Chapitre 7
Loup et Imane chevauchaient en suivant le Néez vers Juncalas. La petite route serpentait sur les flancs des premiers contreforts des Pyrénées. Le soleil avait du mal à percer et les ombres guettaient la progression des deux investigateurs. Loup sentait un mauvais pressentiment l’envahir progressivement. Les bois poussaient de l’autre côté du torrent et accentuaient cette sensation d’étouffement. Ils parvinrent enfin au hameau où nichaient quelques maisons en pierres sèches, aux toits en ardoises. Un silence inquisiteur les accompagna quand ils traversèrent la seule rue pour s’arrêter à la fontaine et y remplir les gourdes pendant que les chevaux se désaltéraient. Quelques volets bougèrent alors qu’il n’y avait pas le moindre souffle de vent et Loup perçut des regards furtifs dans les encoignures des portes des étables. Il fit signe à Imane de remonter en selle : ils ne tireraient aucune information ici.
Il leur fallut deux heures pour parvenir à destination. Loup se perdit à deux reprises mais un groupe de bergers, bien armés, lui indiquèrent le chemin, ravis de constater que le comte de Bigorre mandait des chevaliers pour enquêter. Le guerrier ne voulait pas rejoindre le château, mais le lieu où la première disparition s’était produite. Les indications étaient assez bonnes pour déboucher dans une petite vallée blottie entre deux imposants versants de la montagne. Les chevaux refusèrent d’avancer dès qu’ils franchirent le dernier virage. Ils piaffaient et frappaient la rocaille de leurs sabots, apeurés. Loup pouvait sentir les muscles de Myrtille tressaillir entre ses jambes.
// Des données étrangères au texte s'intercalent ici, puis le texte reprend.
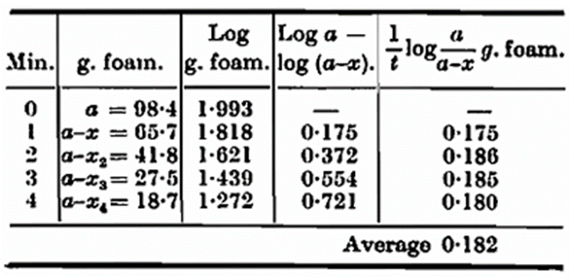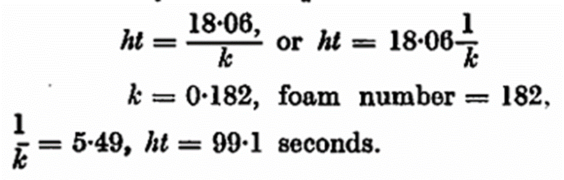 The logarithms of the weights vary linearly with the time, and k is calculated by dividing the differences of the logarithms by t. The calculated value of k normally shows a variation of ± 5 in the third decimal figure, the first value being the higher, the latter somewhat lower. One thousand times k is called the foam figure; this figure is inversely proportional to the stability of the foam. To obtain direct proportionality Helm and
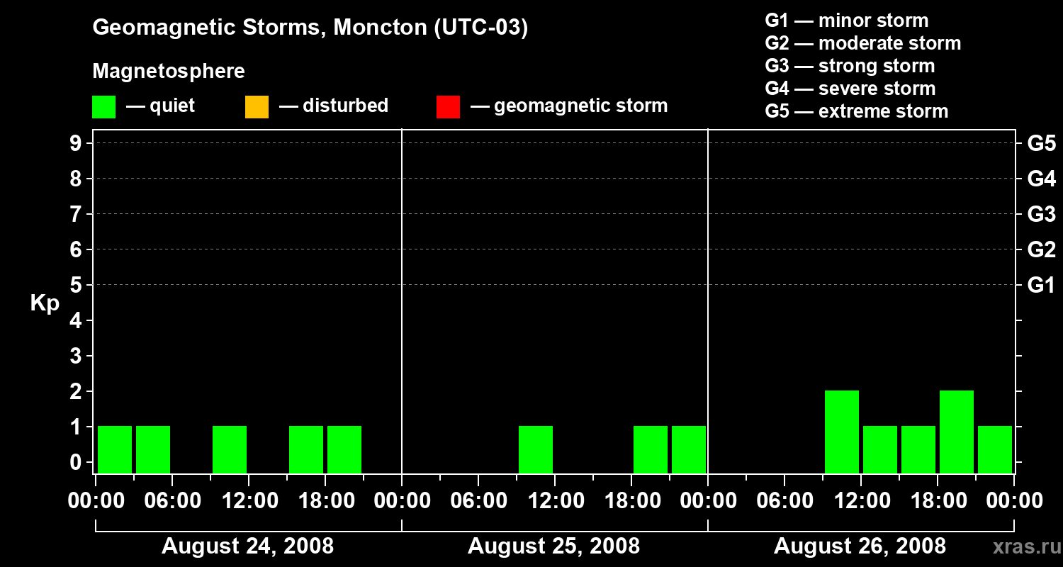 Geomagnetic storms in Moncton — Aug 26, 2008

— Ils n’iront pas plus loin. Nous risquons de nous blesser et de les blesser pour rien. On va les laisser libres, ils rentreront tranquillement et seront menés au comte… Je vais écrire un mot…
Loup attrapa une sacoche qu’Imane venait de désangler pour y piocher de quoi rédiger des instructions pour celui qui trouverait les chevaux. Ils déguerpirent avec un soulagement manifeste. Loup et Imane passèrent leur sac au dos, vérifièrent les torches et les armes et cherchèrent un chemin praticable entre les bois touffus.
— Quand j’étais petit, mon père me menait souvent ici, mais cela a bien changé. Je ne comprends pas pourquoi le paysage a évolué ainsi en si peu de temps. Les arbres n’étaient pas aussi nombreux, et ils n’ont pas pu pousser aussi vite…
— Tes souvenirs d’enfant sont peut-être erronés… Ou alors, nous allons affronter le même monstre que celui qu’on m’avait chargée d’éliminer.
Loup fit une pause et ferma les yeux pour tenter de se rappeler les expéditions avec son paternel, à la recherche de la source ferrugineuse. Il s’arrêta et d’un geste sec ordonna à Imane de faire de même.
— Nous ne sommes pas du bon côté. J’arrivais par l’autre versant, plus bas. Ici, nous sommes au-dessus d’où vient sourdre la source. Il faut redoubler de prudence.
Imane acquiesça et sortit de son sac deux masques en cuir qui, une fois mis, leur recouvraient le nez et le bas du visage. Une poche au niveau de la bouche abritait un filtre créé par Imane afin de pouvoir respirer sans crainte les émanations les plus courantes. Ils avancèrent, courbés en deux, scrutant la moindre anfractuosité dans le sol.